Магнус Упсальский. Трактат "О вервольфах, мантихорах и иных порождениях Тьмы", 1338 год. Гл.XXXI.
 

Часть первая БРАТЬЯ

Глава 1. УБИЙЦА

   В ледяной безмолвной пустоте космического пространства, далеко за пределами нашей Солнечной системы, плавно и медленно, практически незаметно для человеческого глаза, вращался Шар.
   Он неотвратимо приближался к третьей планете Солнечной системы, Земле. В диаметре Шар был порядка трехсот метров. Абсолютно правильной, идеально круглой формы, Шар ослепительно сверкал в лучах Солнца, словно гигантский драгоценный камень. Чудовищными неземными силами он был спрессован до невероятной плотности, сравнимой с плотностью тех звезд, которые земные астрономы называют белыми карликами. Плотность неземного вещества, из которого состоял Шар, была около десяти в седьмой степени килограммов на кубический метр.
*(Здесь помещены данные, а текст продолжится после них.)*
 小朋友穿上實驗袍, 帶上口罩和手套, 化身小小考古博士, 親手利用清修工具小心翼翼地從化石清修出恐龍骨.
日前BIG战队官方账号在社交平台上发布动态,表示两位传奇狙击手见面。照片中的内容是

   Шар представлял собой гладкий монолит. Но если бы некто, скажем космонавт, каким-то чудом оказавшийся в эту минуту в дальнем космосе, приблизился бы к нему вплотную и повнимательнее рассмотрел его поверхность, то с удивлением обнаружил бы, что она состоит из одинаковых, мельчайших, величиной с маковое зернышко бесцветных кристалликов-октаэдров. С виду – точь-в-точь мелкие неограненные алмазы.
   Но по твердости эти кристаллики многократно превосходили алмаз.
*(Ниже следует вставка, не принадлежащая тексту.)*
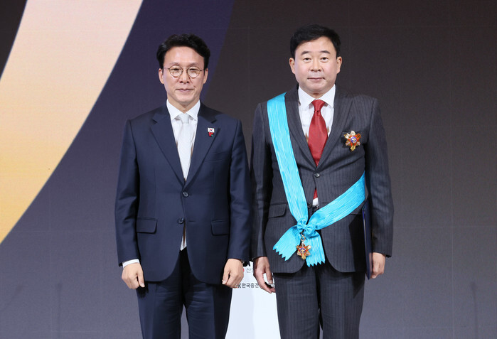 Prime Minister Kim Min-seok (L) poses for a photo with Lee Dong-hyun, head of Korean in-vitro diagnostics company Osang Healthcare Co., after conferring the Gold Tower Order of Industrial Service Merit on Lee during a ceremony at a Seoul hotel on Dec. 1, 2025, to mark the 11th anniversary of Middle Market Enterprises' Entrepreneurs Day. (Yonhap)

   Весь Шар состоял из мириад таких кристаллов.
   Но он не был алмазным, то есть не состоял из практически чистого углерода. Иначе уже при вхождении в верхние слои атмосферы Земли, еще в мезосфере, он бы попросту вспыхнул как спичка от трения. Сгорел бы, превратившись в легкий, постепенно растворяющийся на границе стратосферы черный узорчатый пепел.
   Шар состоял из частиц кристаллического вещества, весьма схожего с алмазом, но иного: его химический состав и физические свойства привели бы в неистовство и восторг земных ученых, ибо такого вещества на Земле не было со времен ее сотворения.
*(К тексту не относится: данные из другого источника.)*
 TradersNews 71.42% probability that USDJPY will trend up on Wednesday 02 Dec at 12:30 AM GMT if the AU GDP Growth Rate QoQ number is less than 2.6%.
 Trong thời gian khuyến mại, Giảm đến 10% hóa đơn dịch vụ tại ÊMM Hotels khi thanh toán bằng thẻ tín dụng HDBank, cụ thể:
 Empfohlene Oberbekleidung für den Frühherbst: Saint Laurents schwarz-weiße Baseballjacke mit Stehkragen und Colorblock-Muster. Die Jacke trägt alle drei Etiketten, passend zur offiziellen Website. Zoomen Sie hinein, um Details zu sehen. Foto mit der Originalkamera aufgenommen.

   Но теперь оно должно было обязательно появиться.
   Потому что Шар по пологой траектории приближался к Земле и в самое ближайшее время с неизбежностью Второго Пришествия должен был упасть на ее поверхность. Вернее, не упасть: постепенно снижая скорость с помощью антигравитации, которая и позволяла ему передвигаться с околосветовыми скоростями, он должен был мягко приземлиться, чтобы остаться в целости и сохранности. И затем, подчиняясь заложенной в нем эволюционной программе, Шар распадется на отдельные кристаллы, и каждый кристалл неутомимо и последовательно начнет выполнять то, что заложили в его память давно умершие создатели Шара.
   Древняя неземная раса, сделавшая и запрограммировавшая Шар, миллионы лет назад исчезла при вспышке сверхновой, уничтожившей их звездную систему со всеми ее обитателями. Но они успели создать Шар, который должен был возродить их расу – рано или поздно.
   Что и было целью долгого путешествия Шара по мрачным межзвездным безднам.
   Разумеется, исчезнувшие создатели не заложили в программу существования и последующего преображения Шара встречу именно с планетой Земля. Шару было абсолютно все равно, куда направляться. Но в любом случае целью его была планета, населенная разумными существами. Время поиска тоже не играло существенной роли для Шара. Срок жизни (если существование Шара и составляющих его кристаллов можно было назвать жизнью) ему был отмерен неимоверно длинный. С точки зрения человека, Шар был бессмертен. Ни естественная смерть, ни гибель от ионизированных излучений ему не грозили; он был неуязвим для механических, химических или иных воздействий. Они не могли разрушить его структуру. Только сверхвысокие звездные температуры могли уничтожить Шар. Поэтому на своем пути он избегал приближаться к звездам, чтобы не попасть в их мощные гравитационные сети и – неизбежно – в раскаленное горнило термоядерной реакции.
   К тому же для землян Шар был невидимкой. Структура его вещества была такова, что любые земные приборы – как оптические, так и радиоэлектронного наблюдения – не могли обнаружить его присутствия.
   Шар по касательной приблизился к окраинам Солнечной системы, к орбите Плутона. Оттуда, с расстояния более семи миллиардов километров, он обнаружил признаки достаточно примитивной, но вполне разумной жизни на третьей планете этой звездной системы. И в соответствии с программой сразу изменил траекторию и скорость полета, немедленно направившись в сторону Земли.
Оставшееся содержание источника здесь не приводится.